#### Given information

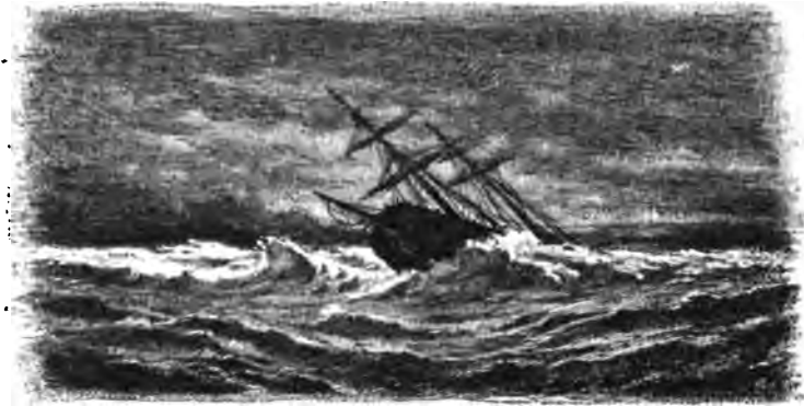
'Crossed in a storm.'

the goodness to write to him from time to time, to inform him of whatever he might wish to know, during his absence. He was much mortified to hear from the Doctor that he was obliged to remove, with his family, for some months, to a distant part of the north of England; and that, as to the Annalys, they were immediately removing to the sea coast of Devonshire, for the benefit of a mild climate, and of sea-bathing. Ormond, therefore, had no resource but in his guardian. Sir Ulick's business, however, was to take him over to London, from whence Ormond could not expect much satisfactory intelligence with respect to Ireland.
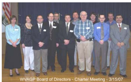
WVAGP Board of Directors
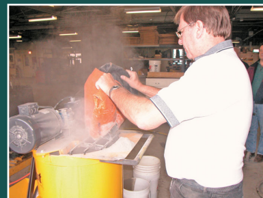
Twenty-two gallon mix tank allows for a batch size of up to 3-50 lb. bags.

Visit our web site: www.chemgrout.com • E-mail: info@chemgrout.com
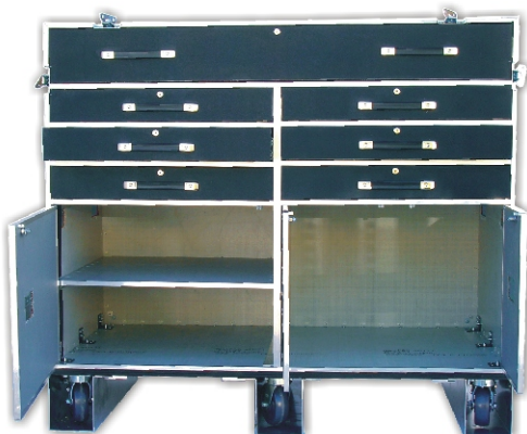
FlyWeight™ Tool Case used in Champ Car Racing Series
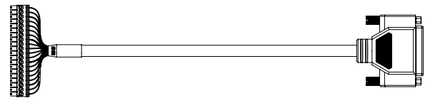
8B Backpanel Interface Cable
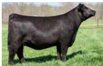
Donor to embryos selling, BNWZ Queen 7477
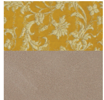
Beige aniline leather + Gold selected historical fabric.
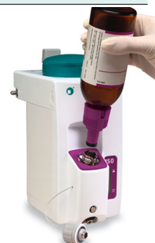
Easy-fill helps simplify agent filling
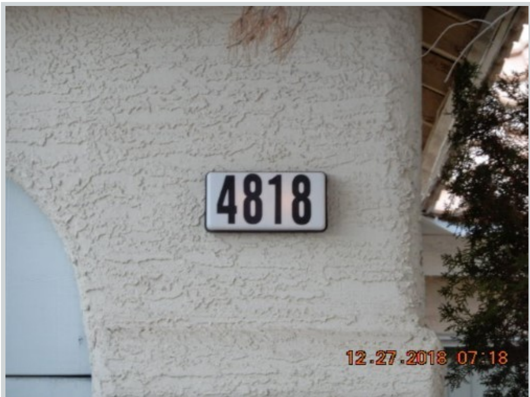
Subject 4818 Carefree Dr
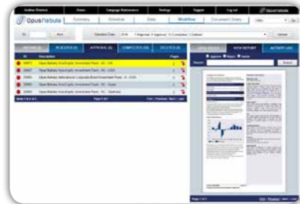
Simple and powerful workflow
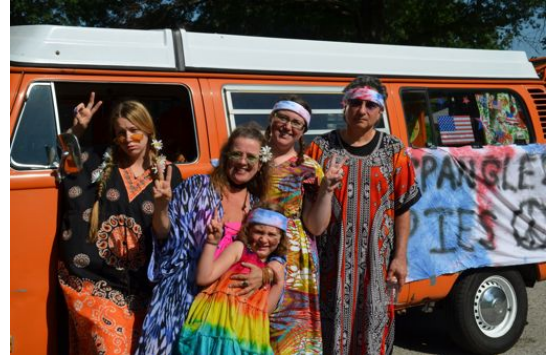
Star Spangled Hippies...of the WLIC office!
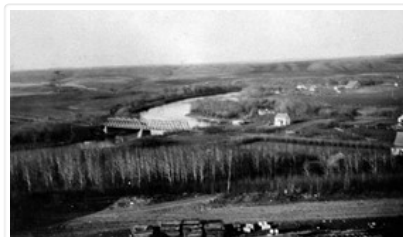
Farm Wagons at Great Northern (BS&HB) Station in Bunclody
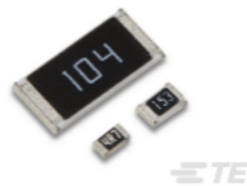
TE Part #2-2176349-4 CRGCQ 2512 820R 1%
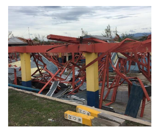
Collapsed structure due to typhoon Karen
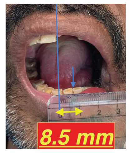
Figure 5: Preoperative deviation

• Three months postinsertion follow-up showed signs of a satisfactory resolution of the deviation.

########

What to work on: Please restate exactly the lines from the one containing "Collapsed structure due to typhoon Karen" down to the end of the material, both ends kept, and do not include the pictures.

Answer to the problem:
Collapsed structure due to typhoon Karen
Figure 5: Preoperative deviation

• Three months postinsertion follow-up showed signs of a satisfactory resolution of the deviation.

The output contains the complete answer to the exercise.